Shakoori, of Dickenson Road, pleaded not guilty to providing immigration services when not qualified to do so but a jury convicted him following a trial. He was acquitted of a second count of providing immigration advice when not qualified to do so.

He was given a six month suspended prison sentence at Manchester Crown Court. The Recorder Suzanne Goddard QC told him that he was notified about his license being cancelled on October 14, 2009 and the first letter that he wrote to a client after the date of cancellation of his registration was well within the knowledge that he could not represent any client.

The second letter in issue which was written on September 27, 2010 was actually past his conviction before the crown court and by which time he should have known that he could not engage in these activities for sure in any shape or form.
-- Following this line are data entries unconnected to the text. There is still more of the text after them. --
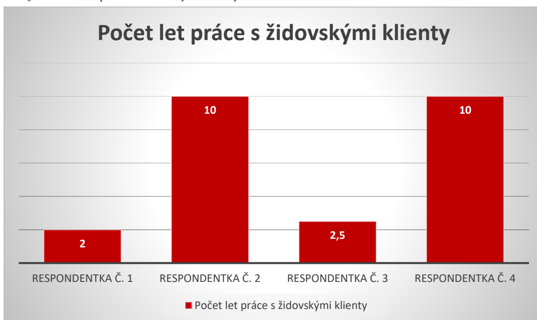
Graf 2 Počet let práce s židovskými klienty

Největší zkušenosti s prací jako ergoterapeutka se židovskými klienty má respondentka č. 2. a č. 4 (10 let). Naopak nejkratší dobu s klienty pracovaly respondentky č.3 (2,5 roku) a respondentka č. 1 (2 roky).
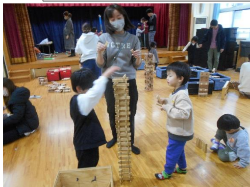
どこまで高く積めるかな？おとっと
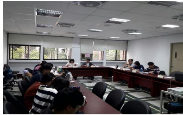
召開網絡聯合評估會議
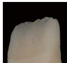
切端部にブルーおよびブルーグレーを使用
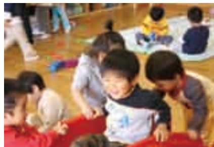
ともだち何人できるかな!

入園資格 ○5歳児…平成14年4月2日~15年4月1日生まれ ○4歳児…平成15年4月2日~16年4月1日生まれ 入園料・保育料など ○入園料…4,000円 ○保育料…月額6,000円(8月は除く) ○給食費…月額2,800円(8月は除く) ○送迎バス代(希望者のみ。運行は大栄地区および成井周辺)…月額2,500円(8月は除く) 願書配布期間と場所=11月12日(月)~16日(金)・大栄幼稚園、学務課(市役所5階)、下総・大栄支所総務課 申込方法=11月29日(木)~12月5日(水)(土・日曜日を除く)の午前9時~午後4時30分に大栄幼稚園(面接を行いますので子ども同伴でお越しください)へ 体験入園(20年度入園予定者対象) 参加を希望する人は前日までに大栄幼稚園に連絡してください。当日は保護者同伴でお子さんの上靴をご用意ください。 期日=11月15日(木)、12月10日(月)、1月24日(木)、2月6日(水) 時間=午前9時30分~11時 ※くわしくは大栄幼稚園(☎73-8005)へ。

The court heard that during the investigation when two immigration officers went to his premises at Dickenson Road he was seen gathering up documents inside the premises after the doorbell had been pressed and putting them into a briefcase and taking it upstairs and then lying that he didn’t have a briefcase.

When the officers tried to gather the items together to try to take them away he had snatched that bundle off her and actively tried to stop those two officers from carrying out their duties of executing the search warrant at his premises.

She cautioned him from carrying out any immigration services at all whether paid or unpaid saying that he would be brought back to court and he would face prison sentence.

An electronically-monitored curfew was also imposed on Shakoori for 28 days, during which time he must remain inside his home in Rusholme between 7pm and 7am.

He was also ordered to pay 250 compensation to Mr Bartley and 500 towards prosecution costs.

He said he may take his case to the European Court of Human Rights.